Philip wrote over 100 papers published in peer-reviewed journals. His extensive research on continuum mechanics methods applied to plastic materials resulted in five well-known books: the one previously mentioned, coauthored with Dr. Prager; another coauthored with J.N. Goodier, a well-known researcher in the theory of elasticity; and three others of his own that covered various aspects of continuum mechanics. Both his education and early research in applied mathematics revolved mainly around the secure foundation of mathematical analysis and partial differential equations.
However, earlier than many, he realized that the advent of fast digital computers had changed the field drastically. As early as the 1970s many of his papers included work on both the formulation and solution of finite element analysis problems in the field. He also found these techniques to be particularly useful for the vexing engineering problems of design by limit analysis. Limit analysis is a multiparameter exploration technique. It is dedicated to the development of efficient methods to directly determine estimates of the collapse load of a given structural model, without resorting to iterative or incremental analysis.
It is based on a set of theorems, limit theorems, which in turn are based on the laws of conservation of energy and other laws descriptive of material behavior. It is widely used for the design of large civil engineering structures, such as buildings and bridges. His contributions here were recognized by the American Society of Civil Engineers (ASCE) with its award of the Theodore von Karman Medal in 1985.
During his career in research and education, in addition to his five books, his published papers, and over 30 graduate students, he made many contributions to the leadership of professional societies. He was technical editor of the American Society of Mechanical Engineers (ASME) Journal of Applied Mechanics for five years and served on many ASME committees, including five years on the executive committee of the Applied Mechanics Division, several years on the ASME Nominating Committee (including as its chair), and several years on the Honors Committee, in addition to several other societywide committees.

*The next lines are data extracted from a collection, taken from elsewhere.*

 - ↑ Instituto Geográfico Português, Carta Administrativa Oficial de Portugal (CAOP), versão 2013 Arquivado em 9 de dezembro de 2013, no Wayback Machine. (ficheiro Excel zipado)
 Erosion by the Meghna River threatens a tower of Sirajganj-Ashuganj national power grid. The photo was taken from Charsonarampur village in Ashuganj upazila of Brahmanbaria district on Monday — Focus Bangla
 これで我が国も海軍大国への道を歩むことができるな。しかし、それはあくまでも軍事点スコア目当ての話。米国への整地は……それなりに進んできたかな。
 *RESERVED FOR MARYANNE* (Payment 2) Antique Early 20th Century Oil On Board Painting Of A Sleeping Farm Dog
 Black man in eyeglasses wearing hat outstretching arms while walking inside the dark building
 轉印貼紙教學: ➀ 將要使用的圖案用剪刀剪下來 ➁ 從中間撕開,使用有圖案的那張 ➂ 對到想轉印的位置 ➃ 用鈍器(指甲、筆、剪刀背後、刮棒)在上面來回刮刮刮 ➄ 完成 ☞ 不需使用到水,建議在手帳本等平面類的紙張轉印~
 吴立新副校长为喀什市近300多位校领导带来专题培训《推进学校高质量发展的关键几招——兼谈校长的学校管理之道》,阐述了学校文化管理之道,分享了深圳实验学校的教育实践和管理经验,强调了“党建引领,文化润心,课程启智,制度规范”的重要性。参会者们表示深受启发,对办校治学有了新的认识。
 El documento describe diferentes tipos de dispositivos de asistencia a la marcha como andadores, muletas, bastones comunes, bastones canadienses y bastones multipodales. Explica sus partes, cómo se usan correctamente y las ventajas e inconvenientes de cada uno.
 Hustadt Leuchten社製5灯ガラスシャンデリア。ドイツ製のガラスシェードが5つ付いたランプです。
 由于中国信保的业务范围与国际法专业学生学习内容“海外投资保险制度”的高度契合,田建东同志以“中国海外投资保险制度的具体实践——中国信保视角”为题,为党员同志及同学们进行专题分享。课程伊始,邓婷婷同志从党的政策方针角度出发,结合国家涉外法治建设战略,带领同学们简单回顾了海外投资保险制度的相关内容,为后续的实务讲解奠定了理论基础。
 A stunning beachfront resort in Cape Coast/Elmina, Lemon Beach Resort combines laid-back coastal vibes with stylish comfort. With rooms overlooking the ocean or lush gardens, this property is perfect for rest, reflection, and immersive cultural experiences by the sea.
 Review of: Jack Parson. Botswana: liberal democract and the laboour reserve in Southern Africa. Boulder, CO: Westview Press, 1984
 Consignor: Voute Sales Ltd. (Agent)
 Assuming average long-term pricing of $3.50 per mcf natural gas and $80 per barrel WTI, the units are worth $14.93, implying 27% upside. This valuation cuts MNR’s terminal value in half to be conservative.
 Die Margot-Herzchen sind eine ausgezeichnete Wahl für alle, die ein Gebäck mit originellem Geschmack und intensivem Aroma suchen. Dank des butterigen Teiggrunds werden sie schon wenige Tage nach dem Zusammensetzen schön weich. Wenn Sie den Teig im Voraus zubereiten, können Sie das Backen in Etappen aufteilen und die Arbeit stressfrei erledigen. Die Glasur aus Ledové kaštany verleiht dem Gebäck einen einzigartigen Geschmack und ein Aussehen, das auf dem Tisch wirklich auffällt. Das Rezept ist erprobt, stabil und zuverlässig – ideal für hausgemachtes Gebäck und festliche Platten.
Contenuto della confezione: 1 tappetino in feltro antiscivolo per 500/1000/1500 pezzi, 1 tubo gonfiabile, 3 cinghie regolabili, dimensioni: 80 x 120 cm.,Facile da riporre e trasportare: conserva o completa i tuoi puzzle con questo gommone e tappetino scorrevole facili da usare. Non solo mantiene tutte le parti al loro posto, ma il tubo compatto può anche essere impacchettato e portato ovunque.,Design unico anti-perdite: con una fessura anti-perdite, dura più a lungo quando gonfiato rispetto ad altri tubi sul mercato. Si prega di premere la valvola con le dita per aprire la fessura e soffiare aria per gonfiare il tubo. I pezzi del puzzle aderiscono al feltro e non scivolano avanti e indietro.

His greatest contribution to our profession may have been his 18 years as secretary of the US National Committee on Theoretical and Applied Mechanics— he served in that position longer than any other secretary. During that time he was also a delegate to the International Union for Theoretical and Applied Mechanics General Assembly and later a member-at-large. His contributions were recognized by many awards and honors, including the ASME Medal (1987) and honorary membership (1977), as well as awards from ASCE and the Russian Academy of Science.
In addition to his many contributions to engineering, Philip was an avid outdoorsman. He was a hiker, camper, back-packer, cross-country skier, and marathoner until long after his retirement. He was proud of his two Boston Marathons and of having finished first in the Senior Section of the Twin Cities Marathon. He slowed down a little only when his knees began to bother him in his late sixties and his doctor warned him, “You can run now or walk later!” He was an opera aficionado and wrote published opera reviews until fairly recently.
His wife Thea had been a senior software executive for Cray Computers while they lived in Minneapolis. She preceded him in death by several years. He leaves three children: Susan E. Hodge, Philip T. Hodge, and Elizabeth Hodge Kelly, and many grandchildren and great-grandchildren.